# Using a splitter to feed second tuner



## trevorst (Jul 16, 2007)

I just had D* installed a couple of days ago and because the TV in mifes hobby room is on an inerior wall I could only feed one input. Is it possible to add a splitter at the unit and feed both tuners ??? My signal strength is 85%.


----------



## veryoldschool (Dec 10, 2006)

trevorst said:


> I just had D* installed a couple of days ago and because the TV in mifes hobby room is on an inerior wall I could only feed one input. Is it possible to add a splitter at the unit and feed both tuners ??? My signal strength is 85%.


Not at the present time. You need to switch the signal and not "split" it.
Later this year you may be able to upgrade to a Single Wire Multi-switch and then split that cable, but not at this time.
The current dish has four outputs to feed your equipment.


----------



## Earl Bonovich (Nov 15, 2005)

What DVR do you have? (so I can move this thread to the appropriate forum)


----------



## trevorst (Jul 16, 2007)

Earl Bonovich said:


> What DVR do you have? (so I can move this thread to the appropriate forum)


The model I am talking about here is the R15.


----------



## Earl Bonovich (Nov 15, 2005)

For an R15... you would have to invest in a STACKER, (and then use the built in destacker) to use a single cable/splitter to power both tuners.


----------



## trevorst (Jul 16, 2007)

Earl Bonovich said:


> For an R15... you would have to invest in a STACKER, (and then use the built in destacker) to use a single cable/splitter to power both tuners.


Thanks..

Now what is a Stacker and where can I get one ???

Been away from Sat technology for a while so I need to catch up.


----------



## litzdog911 (Jun 23, 2004)

trevorst said:


> Thanks..
> 
> Now what is a Stacker and where can I get one ???
> 
> Been away from Sat technology for a while so I need to catch up.

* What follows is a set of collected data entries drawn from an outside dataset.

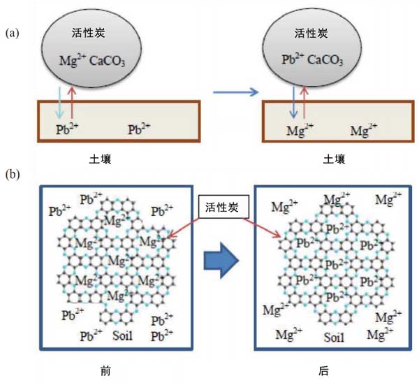 图3:(a)活性炭中的Mg2+与土壤中Pb2+的离子交换过程和(b)铅污染土壤中的离子交换。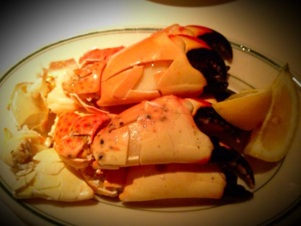 アメリカのストーンクラブ、殻はとても硬いので、レストランが割ってくれます。 ラスベガスで食べている冷凍のアラスカ&カナダ産キングクラブより小さいですが肉はジューシーです(*^o^*)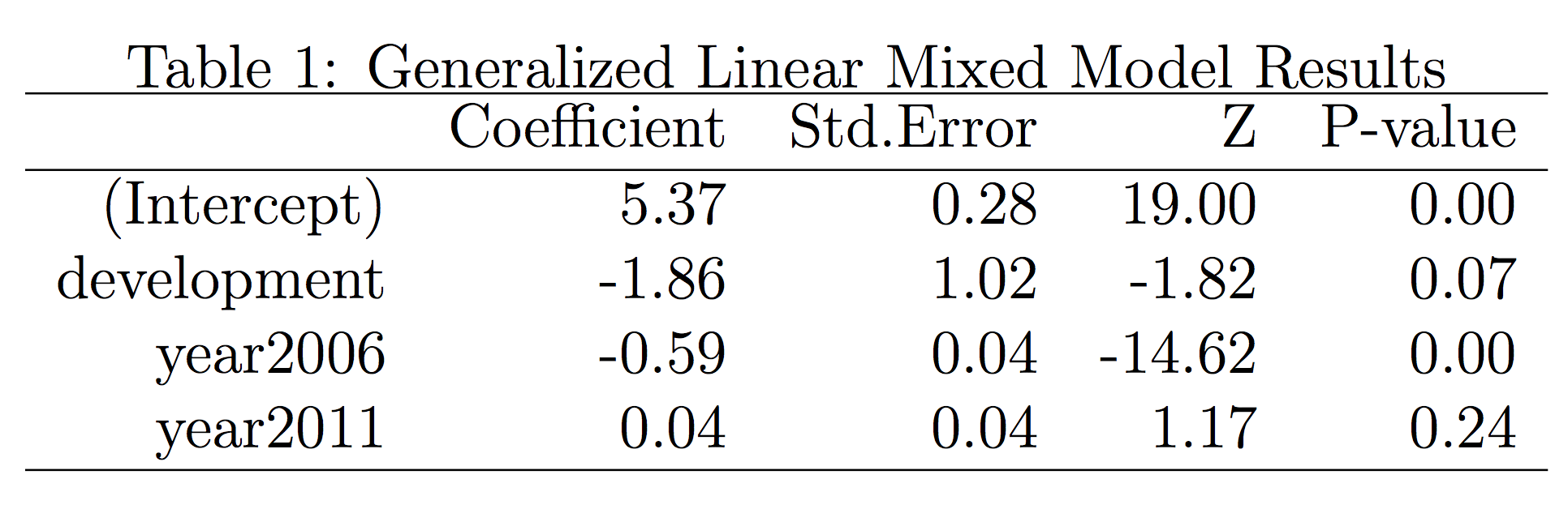 The mixed model approximated shows a marginally statistically significant effect for the percent development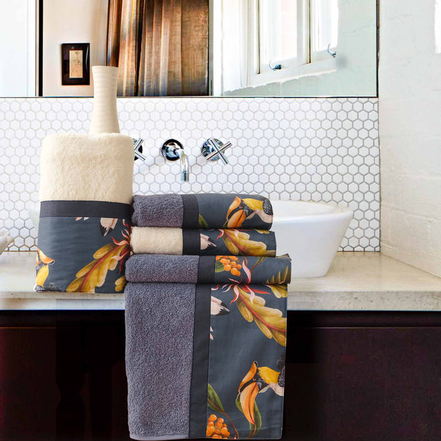 Il Set di 2 Coppie di Asciugamani Paraguay è realizzato in morbida spugna di puro cotone 430 gr/mq. Assorbente e molto soffice al tocco, il ser comprende 2 asciugamani da viso e due da ospite la coppia è caratterizzata da una balza in percalle di cotone che presenta una stampa tropicale. La spugna è in tinta unita e crea un piacevole contrasto con la balza, donando alla coppia un tocco unico.

More information on Stackers and Destackers here ....
http://search.solidsignal.com/?q=stacker&site=com&new_search=1&I1.x=14&I1.y=16

Equipment suitable for multisatellite distribution (e.g. 3-LNB dish) is expensive. I don't think any stacker/destacker exists yet for the 5-LNB dish.


----------



## Slyster (May 17, 2005)

Why won't splitters work? Just curious. Does it half the signal strength or something? Always worked in the good old cable TV days.


----------



## Earl Bonovich (Nov 15, 2005)

Slyster said:


> Why won't splitters work? Just curious. Does it half the signal strength or something? Always worked in the good old cable TV days.


Good "old" cable days... 
In cable, all the channels where available in the datacable at all times... so splitting it, each output of the split had everything.

In SAT... the wire only carriers one segment of the data stream at a time.
Depending on what setup you have, you can have between 2 and 8 (and soon to be 10) distinctly different data streams.

Each tuner of a system can request 1 of those 10 data streams, and that is the only thing in the wire.... so if you split it... tuner 1 might want one, tuner 2 minght want the other.... but the original source wire can only carry one of them.


----------



## carl6 (Nov 16, 2005)

To add just a bit to Earl's excellent explanation...

The coax is a 2-way communication link. The receiver sends a signal to the dish telling it what channel it wants, and the dish sends the data stream that contains that channel back to the receiver.

If you split the coax, and the two tuners send different requests, only one of them will work, and the other receiver will show a loss of signal error.

Carl


----------



## Clint Lamor (Nov 15, 2005)

I bought my stacker on ebay, was the cheapest place I found. I just bought a second one a few months back because one of the inputs on the old broke off in the middle of the threads.

Stacker worked great with my R15, gave me both tuners available off one cable. I did have to buy a new splitter from Radio Shack to math the freq needed for sat. All in all with stacker/shipping/splitter and making some extra cables I think I spent maybe $50 or so.


----------



## sobal (Jun 4, 2004)

Will a multi-switch at the R15 work to split the signals?


----------



## Michael D'Angelo (Oct 21, 2006)

sobal said:


> Will a multi-switch at the R15 work to split the signals?


Depending on what kind of dish and multi-switch you have you would have to have 2 or 4 lines from the dish to the multi-switch so it would be pointless to do unless you have a few receiver's together in one location.


----------



## desslock (Jun 19, 2007)

BMoreRavens said:


> Depending on what kind of dish and multi-switch you have you would have to have 2 or 4 lines from the dish to the multi-switch so it would be pointless to do unless you have a few receiver's together in one location.


I have a dual LNB dish and a 4-line multi switch in the attic. 4 lines come from the dish (LNB1 13v, LNB1 18v, LNB2 13v, LNB2 18v). From there, there are 2 sets of 2 cables. One set goes to the living room Samsung, the other 2 span to the bedroom R15-500.

Wouldn't this setup work for him?


----------



## Michael D'Angelo (Oct 21, 2006)

desslock said:


> I have a dual LNB dish and a 4-line multi switch in the attic. 4 lines come from the dish (LNB1 13v, LNB1 18v, LNB2 13v, LNB2 18v). From there, there are 2 sets of 2 cables. One set goes to the living room Samsung, the other 2 span to the bedroom R15-500.
> 
> Wouldn't this setup work for him?


I think he is trying to run one line to a multi-switch and run more outputs out of it. If that is correct then he will need at least two lines for a 2x4 MS and 4 lines for a 4x8 or 6x8. Since it looks like he is just trying to hook up a R15 it would be pointless to do it. He would just run the two lines to the R15.


----------



## kenglish (Oct 2, 2004)

Slyster said:


> Why won't splitters work? Just curious. Does it half the signal strength or something? Always worked in the good old cable TV days.


Think of a satellite receiver as a telephone "customer". The receiver has to call back to the dish ("the Phone Company office") for a particular line. The Cable TV analogy is sort of like a "Party Line" phone system.


----------